115th CONGRESS 2d Session |
To require the Attorney General to study the effectiveness of retail theft rehabilitation programs and to clarify that such programs are permissible under Federal law.
November 15, 2018
Mr. Hatch introduced the following bill; which was read twice and referred to the Committee on the Judiciary
To require the Attorney General to study the effectiveness of retail theft rehabilitation programs and to clarify that such programs are permissible under Federal law.
Be it enacted by the Senate and House of Representatives of the United States of America in Congress assembled,
This Act may be cited as the “Retail Justice Review Act of 2018”.
In this Act—
(1) the term “potential program participant” means an individual who a retailer has probable cause to believe stole or attempted to seal property from the retailer;
(2) the term “program participant” means an individual who—
(A) a retailer has probable cause to believe stole or attempted to steal property from the retailer; and
(B) participates in a retail theft rehabilitation program offered by the retailer;
(3) the term “retail theft rehabilitation program” means an education program that a retailer offers, directly or through a third party, to a potential program participant instead of making or filing a report of theft with a law enforcement agency; and
(4) the term “retailer” means a person that is engaged in the business of selling goods at retail.
(1) IN GENERAL.—The Attorney General shall conduct a study that examines the effectiveness of retail theft rehabilitation programs.

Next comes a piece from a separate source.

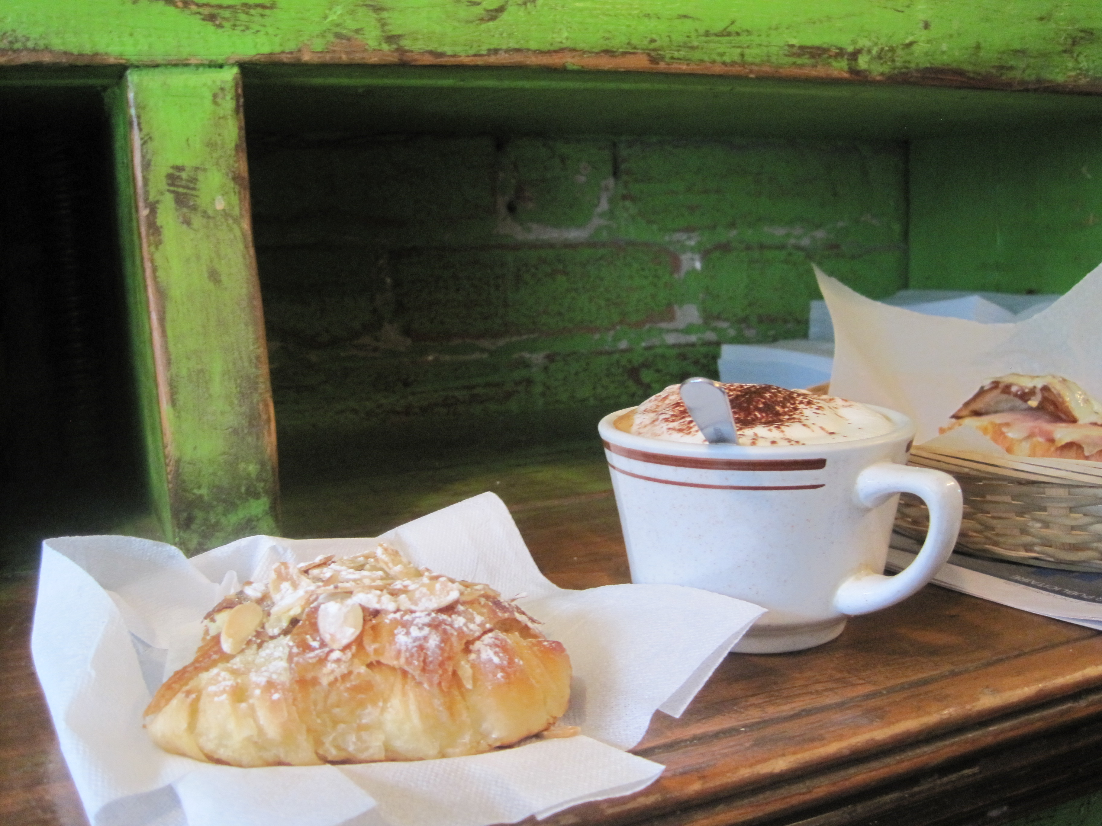 In the process of dismantling her home we packed and delivered to Greyhound Express three large plastic containers of the heavy items – books and boots and some dishes she was fond of, as well as her record player and records. Did I mention she had convinced us to purchase an actual record player as a birthday gift and I could never dissuade her from adding to her load of Montreal possessions by carting Led Zeplin, Fleetwood Mac and Three Dog Night records from our basement collection every trip she took home to Alberta.  A little table and one chair had been sold on Craigslist, two second hand book stands were given away to an apartment neighbour, and friends had come to claim some of the most intriguing prints, along with the utilitarian warm clothes Lily was ready to part with. The guy she found to sublet for the remaining of the lease, got a steal of a deal on her bed and mattress and Lily directed me to leave him the never used cake pans and muffin tins, saying, “See Mom, I told you four years ago I wasn’t going to become a baker.” IMG_3987 We ate our meals at my favourite creperie the last day – having done a far better job of diminishing the contents of her refrigerator than the contents of her apartment, so that we would still have to show up at the airline counter and have no choice but to pay for extra suitcases, and still have purses cleverly tucked into overstuffed backpacks, and carry-on computer cases, probably with the last used towels falling out of them.

(2) REQUIREMENTS.—In conducting the study under paragraph (1), the Attorney General shall—
(A) consider any information the Attorney General considers relevant to examining the effectiveness of retail theft rehabilitation programs, including the effect of the programs on—
(i) the number of calls made to law enforcement agencies due to retail theft;
(ii) the burden of retail theft on law enforcement agencies, prosecutors, courts, and other justice system agencies;
(iii) the recovery of restitution or civil remedies by retailers; and
(iv) recidivism among program participants;
(B) evaluate the fairness of retail theft rehabilitation programs, including whether the effects of the programs are discriminatory on the basis of race, age, sex, or income;
(C) include case studies of retail theft rehabilitation programs in effect as of the date on which the study is initiated, including, to the extent practicable, case studies drawn from geographically diverse regions of the United States; and
(i) program participants;
(ii) retailers who have implemented retail theft rehabilitation programs;
(iii) Federal, State, local, and tribal law enforcement agencies; and
(iv) third-party providers of retail theft rehabilitation programs.
(b) Report.—Not later than 1 year after the date of enactment of this Act, the Attorney General shall submit to Congress and make publicly available a report containing—
(1) findings from the study conducted under subsection (a); and
(2) final recommendations based on the findings under paragraph (1) of this subsection.
SEC. 4. Applicability of Federal law.
Notwithstanding any other provision of Federal law, a retailer may offer a retail theft rehabilitation program in accordance with State, local, and tribal law.